The API is designed to be extremely expressive and terse, saving you keystrokes without
sacrificing clarity. To this end, many common functions have a succinct alias.

.. code-block:: python

    import dantzig as dz

    x = dz.Variable(lb=0.0, ub=None)
    y = dz.Variable(lb=0.0, ub=None)
    z = dz.Variable(lb=0.0, ub=None)

    soln = dz.Minimize(x + y - z).subject_to(x + y + z == 1).solve()

    assert soln.objective_value == -1.0
    assert soln[x] == 0.0
    assert soln[y] == 0.0
    assert soln[z] == 1.0

This code block can alternatively be written

.. code-block:: python

    from dantzig import Min, Var

    x = Var.nn()
    y = Var.nn()
    z = Var.nn()

    soln = Min(x + y - z).st(x + y + z == 1)


Example
-------

In this section, we will solve a classic inventory balance problem.

Suppose you are the manager of a retail store and over the next three time periods you need to order inventory from your supplier to satisfy demand.
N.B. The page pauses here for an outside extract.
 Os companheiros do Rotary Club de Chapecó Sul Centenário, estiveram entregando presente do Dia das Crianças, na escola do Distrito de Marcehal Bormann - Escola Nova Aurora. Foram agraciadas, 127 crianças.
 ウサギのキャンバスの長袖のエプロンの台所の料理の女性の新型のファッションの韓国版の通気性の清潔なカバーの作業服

- A priori, you know how much demand there will be each time period (an unrealistic assumption to be sure, but our model can be extended to accommodate uncertain demand) denoted by :math:`d_t` for :math:`t \in \{1, 2, 3\}`.
- The supplier charges a different per-unit price :math:`p_t` in each time period.
- You face inventory holding costs :math:`h_t` for any inventory carried over from period :math:`t` to period :math:`t + 1`.
- In each time period, you decide how much inventory to order, given by :math:`x_t`, and then sell to your customers.
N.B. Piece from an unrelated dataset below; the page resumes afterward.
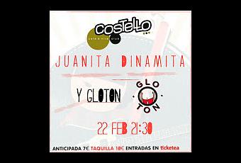 Juanita Dinamita es un proyecto que nace con la sana y firme intención de seguir sorprendiendo en la escena musical, el proyecto aterriza con nuevos temas y quieren presentarlos en directo. Glotón por su parte hará lo que debe hacer, presentarse y comerse sonoramente el escenario de la sala Costello Club.

Naturally, you seek a policy that minimizes total cost. This problem can be formulated as a linear program:

.. math::

    \begin{align*}
    \min_x \quad & \sum_{t = 1}^3 p_t x_t + \sum_{t = 1}^3 h_t z_t \\
    \text{s.t.} \quad & x_1 \geq d_1 \\
    & x_2 + z_1 \geq d_2 \\
    & x_3 + z_2 \geq d_3 \\
    & z_1 = x_1 - d_1 \\
    & z_2 = x_2 + z_1 - d_2 \\
    & z_3 = x_3 + z_2 - d_3 \\
    & x_t \geq 0 \\
    & z_t \geq 0
    \end{align*}

where :math:`z_t` is an auxiliary variable that represents the amount of inventory you carry from period :math:`t` to period :math:`t + 1`. Notice that the constraints require that demand is fully satisfied, and we never have negative orders or inventory.

.. code-block:: python

    import dantzig as dz

    p = [0.5, 3.5, 5.0]
    h = [1.0, 5.5, 1.5]
    d = [50, 75, 100]

    d_1, d_2, d_3 = d

    x_1 = dz.Var.nn()
    x_2 = dz.Var.nn()
    x_3 = dz.Var.nn()
    x = [x_1, x_2, x_3]

    z_1 = dz.Var.nn()
    z_2 = dz.Var.nn()
    z_3 = dz.Var.nn()
    z = [z_1, z_2, z_3]

    purchase_cost = sum(p_t * x_t for p_t, x_t in zip(p, x))
    inventory_holding_cost = sum(h_t * z_t for h_t, z_t in zip(h, z))
    total_cost = purchase_cost + inventory_holding_cost

    problem = dz.Minimize(total_cost).subject_to(
        [
            x_1 >= d_1,
            x_2 + z_1 >= d_2,
            x_3 + z_2 >= d_3,
            z_1 == x_1 - d_1,
            z_2 == x_2 + z_1 - d_2,
            z_3 == x_3 + z_2 - d_3,
        ]
    )
    soln = problem.solve()

    assert soln.objective_value == 637.5
    assert soln[x_1] == 125.0
    assert soln[x_2] == 0.0
    assert soln[x_3] == 100.0

The optimal policy is apparently to place orders only in periods one and three.